Behind the scenes of VMware’s Hands-on Labs, there is a lot of “care and feeding” of the lab infrastructure, manuals, and the lab environments themselves. You might be surprised at how much opportunity there is for things to stop working, even in environments that have been precisely configured and then effectively frozen in time. For example, SSL certificates and password expiration policies are the bane of my existence…
On a call at the end of 2013, I demonstrated some of my maintenance workflows to others on my team and they thought that at least some of our readers would be interested in what I am doing behind the scenes. So, I am kicking off a short series of posts to outline some of the challenges we have and solutions we have developed with the hope that someone out there finds them useful, or at the very least, interesting.
In this introductory post, I will cover some of what we do for both the public HOL and for the VMworld shows and call out some similarities and differences. In general, the differences are the capacities and levels of redundancy involved, but the general model is the same. To set the proper context, I typically work as a cloud consumer rather than a cloud administrator, so I don’t usually talk about the hardware we’re running. 🙂
It is no secret that we use our own vCloud Suite to host the hands-on labs. Based on that, I spend a great deal of time these days using vCloud Director (vCD). We are currently using version 5.1 with plans to upgrade to 5.5 in the near future. For those wondering, we are not using any “special” builds of vCD, but the same off-the-shelf code that any vCD customer could be using.
Our labs are composed of two main components: the lab manual and the lab environment. These components are brought together using a custom web portal called Project NEE (Next Generation Education Environment). I work mainly with the lab environments, which are vCD vApp templates we call vPods. Each vPod is developed by teams of product experts in the Hands-on Labs development cloud. Once development has been completed, the vPods must be exported from the development cloud and migrated to one or more of our hosting clouds used to run the labs for the public HOL or various events. The number and location of these hosting clouds varies and depends on the defined performance, scalability, and availability requirements… and cost.

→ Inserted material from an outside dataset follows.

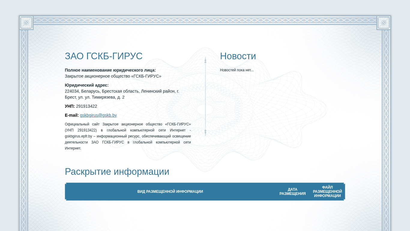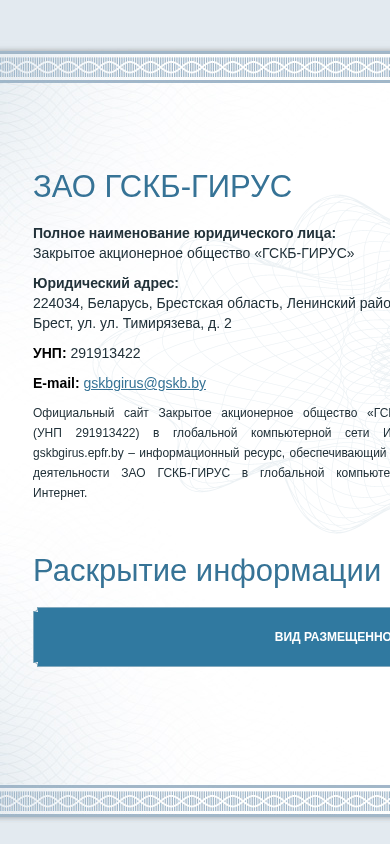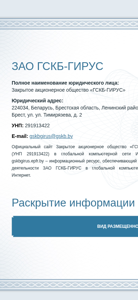 | AI-анализ | This online resource is the informational website of Closed Joint Stock Company 'GSKB-GIRUS' (UNP 291913422), registered in Belarus, located at the address: 224034, Belarus, Brest region, Leninsky district, Brest city, ul. Timiryazeva, 2. The website, named 'gskbgirus.epfr.by', provides information about the company's activities in the global computer network Internet. The website was registered from 2012 to 2025 and includes sections for news, access to a personal cabinet with an email and password login, and a registration form for new users. The website also uses Google Analytics for tracking user behavior. |

Large Events (VMworlds, Partner Exchange, etc.)
VMworld US has historically been our showcase for providing customers hands-on experience with our latest products. Due to the massive popularity and scale, running the labs at this large event requires high degrees of performance, scalability and redundancy. We typically have a larger-than-normal budget, dedicated infrastructure and crank everything up past 11. It is not uncommon for us to have vendors loan us their latest and greatest gear to support the labs and showcase its performance for our insanely stressful workloads. In 2013, we had some pre-release EMC XTremIO storage serving our labs, and it was awesome.
Don’t forget our DR plan. If we lose access to one of our datacenters and everything goes down, that’s a pretty public and visible issue. An hour of downtime during an event that lasts a week has a pretty large impact, so we want to avoid that. We’re not perfect, but we try to identify and eliminate all single points of failure and have at least two of everything.
The VMworld Europe is a smaller event and requires less capacity and scalability, but has the same availability and performance requirements. What is unique for that event is that we aim to have the primary cloud source located “nearby” in order to keep latency low and maximize user experience. Eliminating transatlantic WAN trips is a good way to do that, so we try to run the labs out of a datacenter in Europe for that event.
Public Hands-on Labs Portal
At the other end of the spectrum, the public HOL site is our free service which we run on standard, shared infrastructure that is part of our private cloud. We do our best to stay on top of the availability, capacity and performance of this offering, but things do happen. At times, it may take a little longer to access the labs, or we may have outages that render them inaccessible for a bit. Availability and support is on a “best effort” basis, but since we don’t charge anything for this service, our users tend to be very understanding.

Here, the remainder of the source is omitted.